There have been a lot of discussion about painting fiberglass boats on the GB owners forum over the years. These discussions are all archived if you want to join the forum and search its archives.

There are two basic choices, two-part paints and one-part paints. Both have their proponents on the GB forum. A popular one-part paint is Interlux Brightside. We have a slip neighbor who the other year repainted parts of his sailboat's main cabin. He used Brightside.

The other two schools of thought are spraying and not spraying. In the not-spraying camp the most popular method is roll-and-tip. This technique has you roll the paint on and immediatly follow it up with tipping with a brush to remove the roller "bubbles" and "texture." We have not used this technique on the outside of the boat but we have used it on the inside and when done properly it works quite well.

A spray finish is the best there is, although some people claim they can get pretty close with the roll-and-tip method.
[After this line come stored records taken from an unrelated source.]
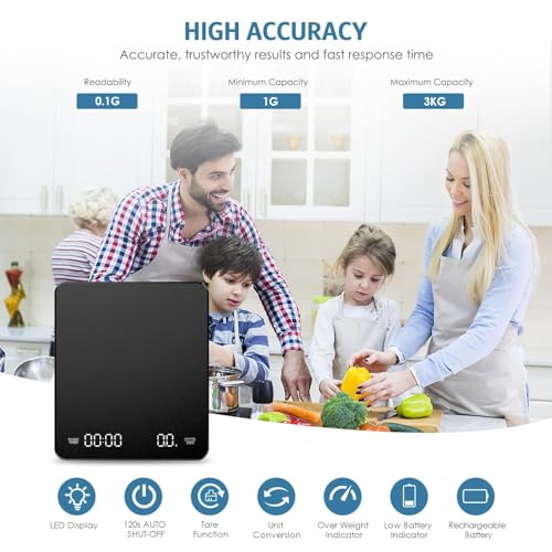 - ☕Super Accurate Measurement & Timing Function- This coffee scale has 4 built-in high-precision load cells with 0.1g- 3Kg accuracy, more accurate weighing; timer accurate to 1s, timing up to 99 minutes 59 seconds, easy to control brewing time, when you do not need the timing function can also be a multi-functional kitchen scale!
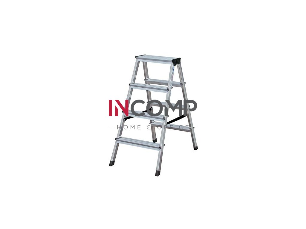 Ľahký hliníkový rebrík, po ktorom sa dá chodiť obojstranne až do pracovnej výšky 3,30 m (8 stupňová verzia).
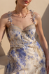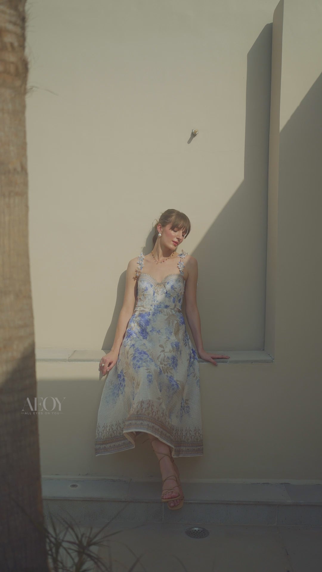 Step into a dreamscape with the Iris Charm-Midi Dress, a timeless fusion of structure and softness. Adorned with delicate blue florals and heritage border detailing. Perfect for destination weddings, intimate garden brunches, or a dreamy vacation look—this piece is a blend of vintage vibes and modern grace.
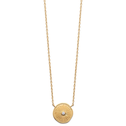 collier plaqué or pendentif soleil et pierre zircon pour femme
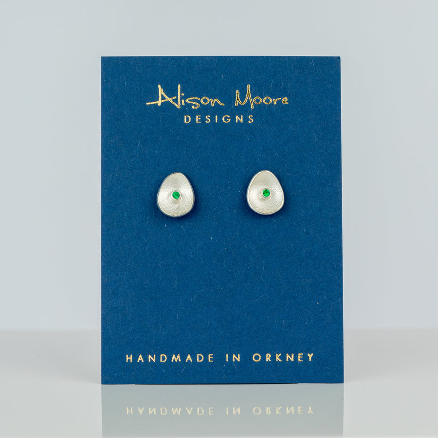 Set with sparkling green emeralds, the birthstone of May, the Sea Button earrings are perfect for wearing everyday. Delicate in appearance but powerful in purpose.
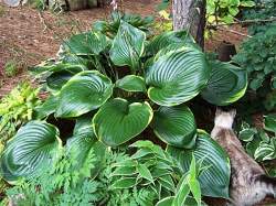 Хоста Beauty Substance (Бьюти Сабстенс). Огромные блестящие округлые листья с горчично-жёлтым окаймлением. Основной цвет очень глубокий и темный — зеленый с отливом цвета морской волны. Листья шикарные, фактурные, блестящие. Рамер extra large. Цветки светло-сиреневые. Хорошо растёт в тени, полутени и на более открытом месте. Спорт от хосты Sum and Substance.

Spraying brings its own challenges, not the least is the need to mask and deal with overspray. Some marinas may not allow this at all in the slips. Our neighbor, who is a retired marine engineer/production boat builder, used a very small spray gun. This allowed him to keep the masking to a minimum and the overspray was nil. Plus he knows what he's doing, which is essential to getting good results from a spray gun.

Our boat is badly in need of a paint job--- the gelcoat took a beating in 25 years of California sun before we bought the boat and brought it up here, and there are numerous dings, chips, scrapes, and worn spots in the gelcoat from previous owners. Someday we may get around to trying to spruce it up a bit, and we will probably use the same technique as our neighbor--- a very small spray gun. After, of course, we prep the surfaces by fixing all the dings and whatnot.